The car nearly stock 2007 VW Jetta Wolfsburg. (I don't know if that last bit counts for anything, but what the hell right?) Only mod outside of the audio system have been a short throw for the 5-speed since the stock shifter is horrid. (This should change shortly as well, but more on that later.)

*Equipment:*

Source:
Pioneer DEH-80PRS

Amps:
Image Dynamics i5800 (modded)
Image Dynamics i2300

Drivers:
HAT L1 Pro Tweeters
HAT L4 Mids
HAT L6 Mid-Bass
Alpine SWR-843D Sub

I still need to pick up the L6's and the i2300, but that will come as the build progresses. The 5800 will power the L1's, the L4's, and the Type-R, while the 2300 will power the L6's. The system will be in full active, with the Pioneer doing the processing work. I will use the 5th channel crossover in the 5800 to bandpass the sub, and the 2300 will high pass the L6's. Hopefully this will save me from having to move to a P99, but that may end up getting done. I will just have to wait and see how it sounds.

Pictures as the car sits now:


















The 5800 is currently concealed below the rear deck, along with the power distribution and passive x-overs for the current speakers.









The current tweeter placement. Poor aiming and location. I will also ditch the micro-suede idea and find some factory pillar fabric to wrap the pillars/pods in.









Oh yeah, I di-noc'd all the stupid silver trim pieces. 

The plan for driver placement is to move the tweeter from its existing location in the pillar back into the sail panels. I will have to fire them on axis because of the angle of the doors/pillars. (I know, too bad huh?  ) The L4's will be built into the pillars/dash, and use the gap between the dash cover and unibody brace to vent to the sub-dash. I was hoping to keeping the L6's in the factory location, but I am realizing that this will most likely not be possible. I will either end up moving them to the kicks or the front of the doors, but I don't know which yet.

The amps will move into a false floor in the trunk, in front of the spare tire well. The sub will move to a fiberglass enclosure behind the driver's side rear tire. This will allow the retention of the spare, as well as allow me the space to house 2 amps and a the sub in a ported enclosure.
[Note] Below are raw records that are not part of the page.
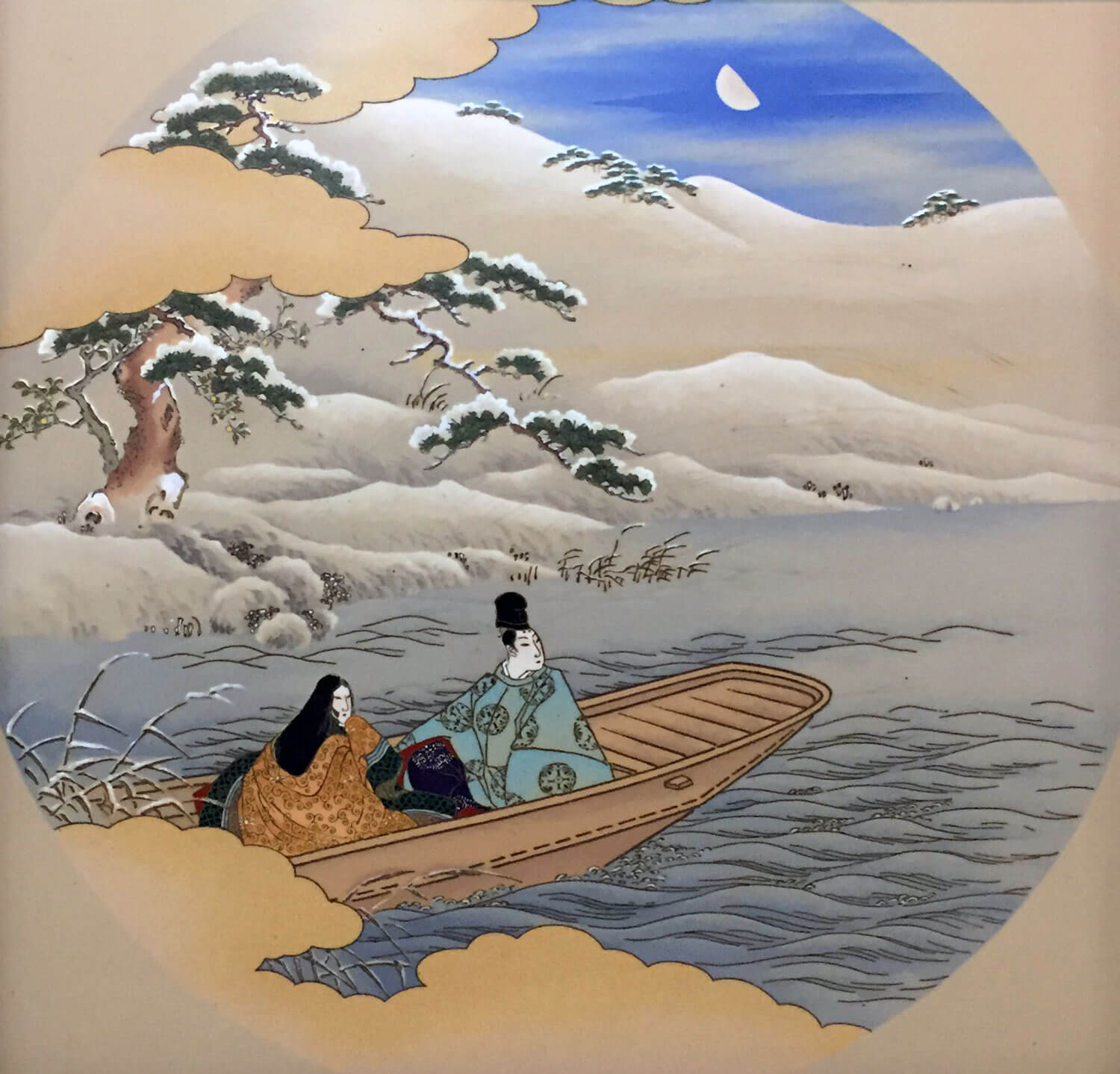 “Promenade à bord d’une barque”, illustration du chapitre “Ukifune” du “Dit du Genji”, émaux cloisonnés, Japon, vers 1901, 69 x 69 cm, Collection Khalili, Londres © The Khalili Collections of Japanese Art
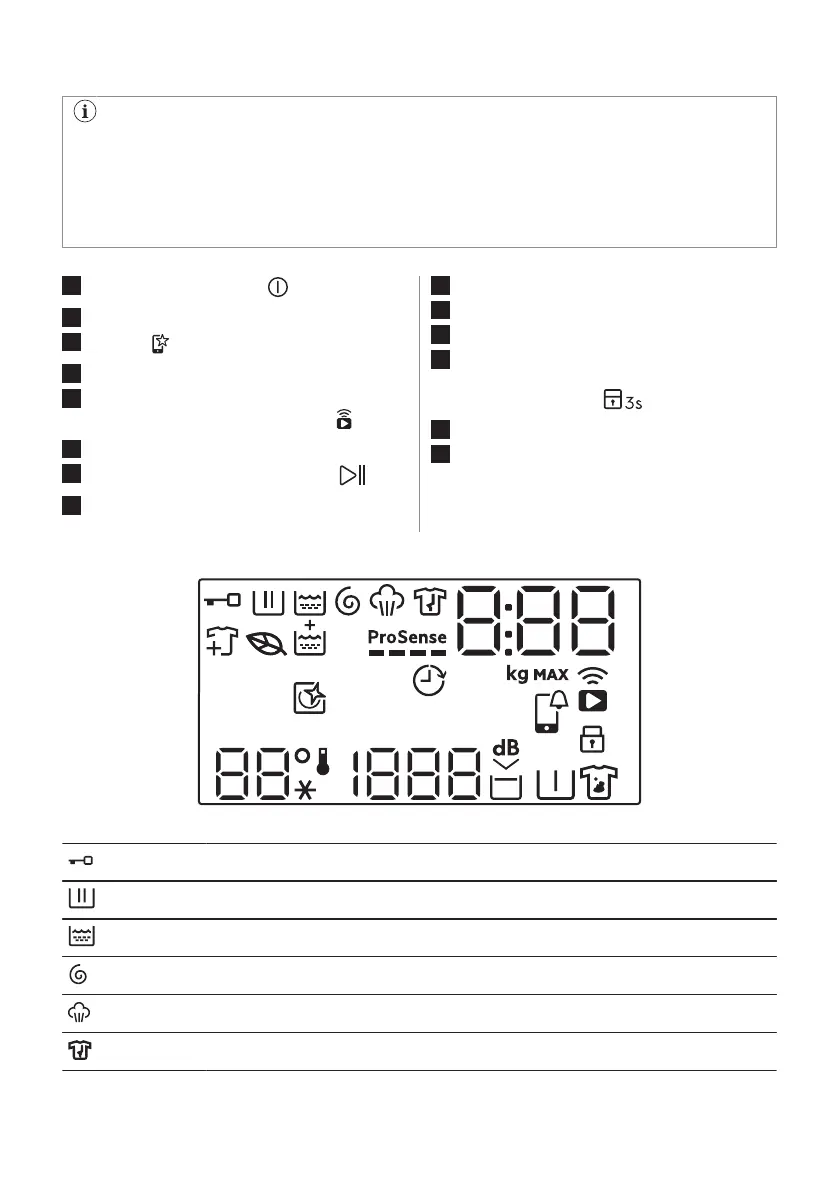 Spia di scarico e centrifuga. Lampeggia durante la fase di scarico e centrifuga.
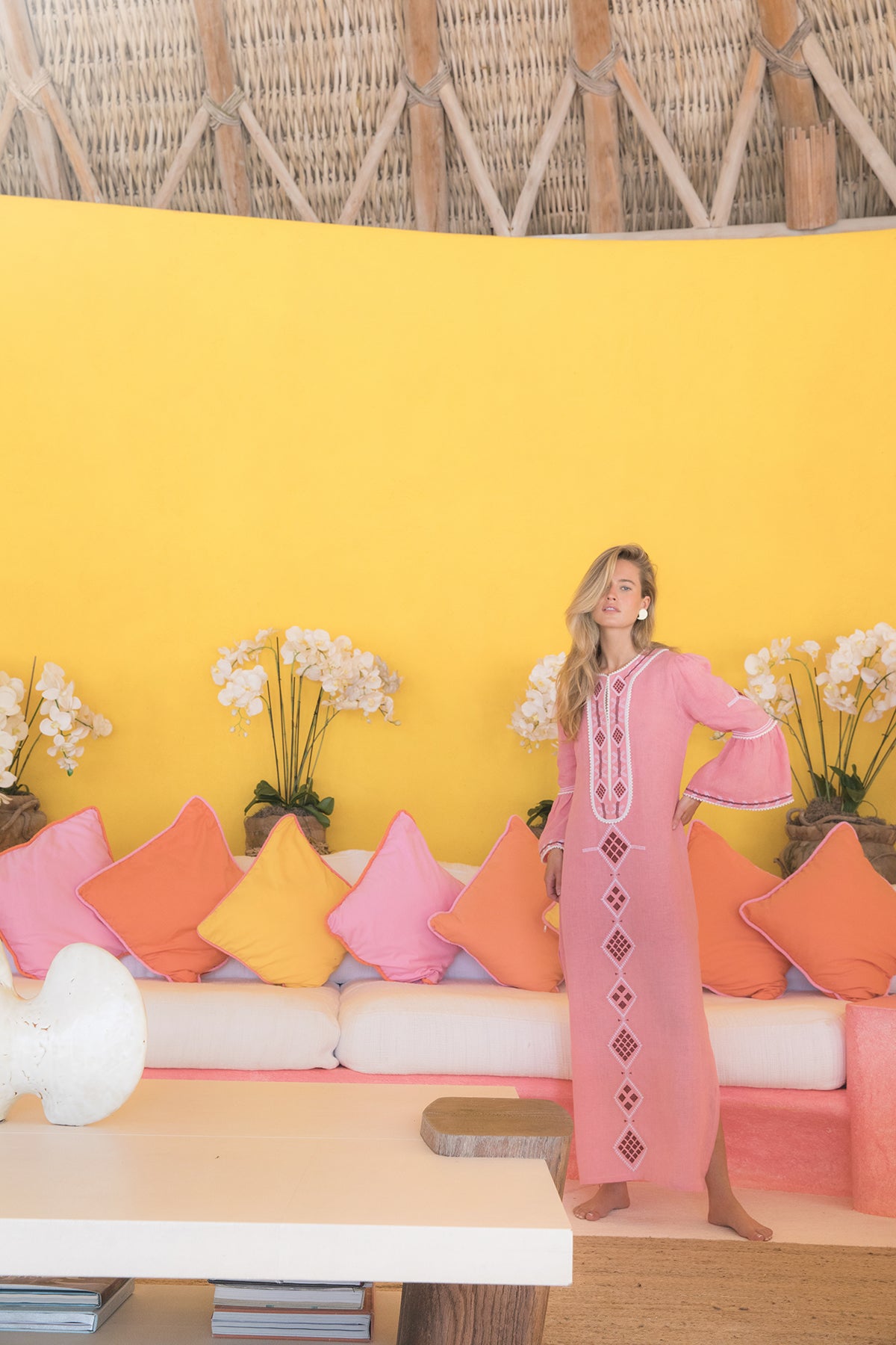 Evoking the opulent 1970s bohemian glamour of Talitha Getty, this sunset-pink dress is both parts graceful and striking.
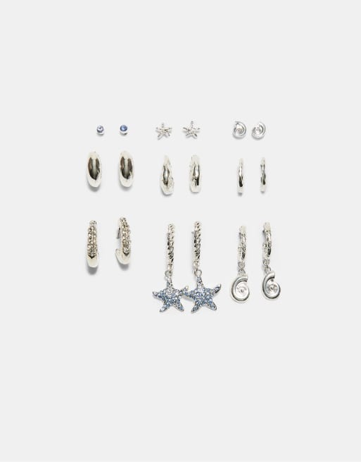 Stradivarius – Grå örhängen med strass och sjöstjärna, 9-pack
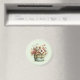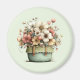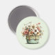 Ímã com um vaso de flores caprichoso e elegante. Cores verde, rosa e creme. Colocado em um vaso verde com um pano xadrez. Estilo vintage desgastado.
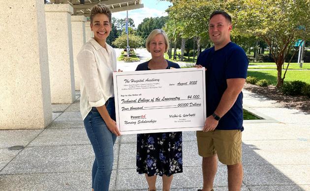 The Hospital Auxiliary awarded Technical College of the Lowcountry (TCL) nursing students Chelsea Selner and Dean Smith $2,000 each, funded through Power:Ed. The Power:Ed grant given to local nonprofits to help South Carolina students succeed is a philanthropy of South Carolina Student Loan Corporation (SCSLC). Both Selner and Smith are working at the Hilton Head Hospital while attending TCL’s nursing program. Marge Sieban, the Hospital Auxiliary Scholarship chair awarded the scholarships.
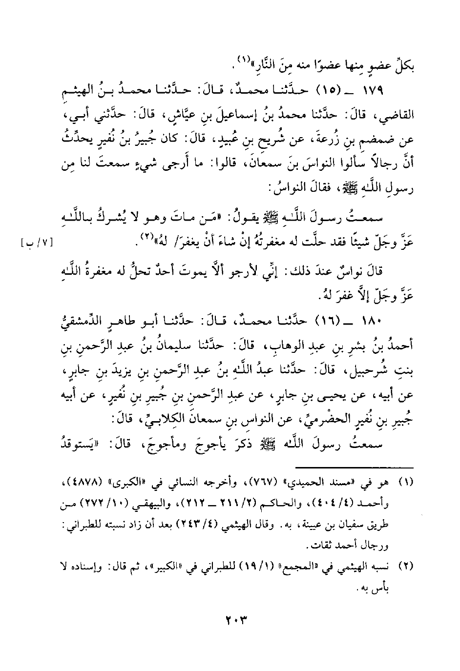 180 - (16) حدثنا محمد، قال: حَدَّثَنَا أَبُو طَاهِرٍ الدِّمَشْقِيُّ أَحْمَدُ بْنُ بِشْرِ بْنِ عَبْدِ الْوَهَّابِ، قَالَ: حَدَّثَنَا سُلَيْمَانُ بْنُ عَبْدِ الرَّحْمَنِ بْنِ بِنْتِ شُرَحْبِيلَ، قَالَ: حَدَّثَنَا عَبْدُ اللَّهِ بْنُ عَبْدِ الرَّحْمَنِ بْنِ يَزِيدَ بْنِ جَابِرٍ، عَنْ أَبِيهِ، عَنْ يَحْيَى بْنِ جَابِرٍ، عَنْ عَبْدِ الرَّحْمَنِ بْنِ جُبَيْرِ بْنِ نُفَيْرٍ، عَنْ أَبِيهِ جُبَيْرِ بْنِ نُفَيْرٍ الْحَضْرَمِيِّ، عَنِ النُّوَّاسِ بْنِ سَمْعَانَ الْكِلابِيِّ، قَالَ: سَمِعْتُ رَسُولَ اللَّهِ صَلَّى اللَّهُ عَلَيْهِ وَسَلَّمَ ذَكَرَ يَأْجُوجَ وَمَأْجُوجَ، قَالَ: يَسْتَوْقِدُ -[204]- الْمُسْلِمُونَ مِنْ جِعَابِهِمْ وَنِشَابِهِمْ وَتِرَاسِهِمْ وَقِسِيِّهِمْ سَبْعَ سنين.
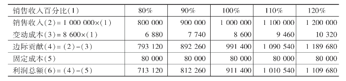 〔例11-5〕ABC公司预算年度的销售业务量达到100%时的销售收入为1 000 000元,变动成本为8 600元,固定成本为80 000元。

Any ideas or suggestions? Comments? Ridicule?


----------



## Complacent_One (Jul 2, 2009)

Although the factory midbass location is not ideal, if you keep the passband for the L6's low enough you should not have any issues keeping them at the rear of the door. I would get your Sails/Apillars built, then do some listening and potential tweaking. With L4's you can easily play them down to 175Hz or lower which will keep all the perceived directionality in front of you. The key to getting it right this time or the next is performing subtle changes and learning what effects those changes have. If you completely rearrange the front end, you may not be able to pick up what small differences were actually made...it will just have a completely different sound.

So far, it looks great..keep up the great work and keep the progression photos coming!!


----------



## estione (Jul 24, 2009)

Nice choice of speakers, I'll be watching this thread


----------



## John Reid (Jun 6, 2008)

Hey; MKV here as well, but a Sportwagen.

Another option is to redo the A-pillar tweeter mount so that it fires _correctly_, and put the L4s in the kicks, as I have them:










Buying spare A-pillars is not so expensive (I think @ $50/each); I put a set aside if I ever need to go back to stock.

I currently have L8 SEs in the doors stock location, if you can believe it, but I also went nuts on fabbing a sturdy mount for them using fiberglass, lead shot, etc. 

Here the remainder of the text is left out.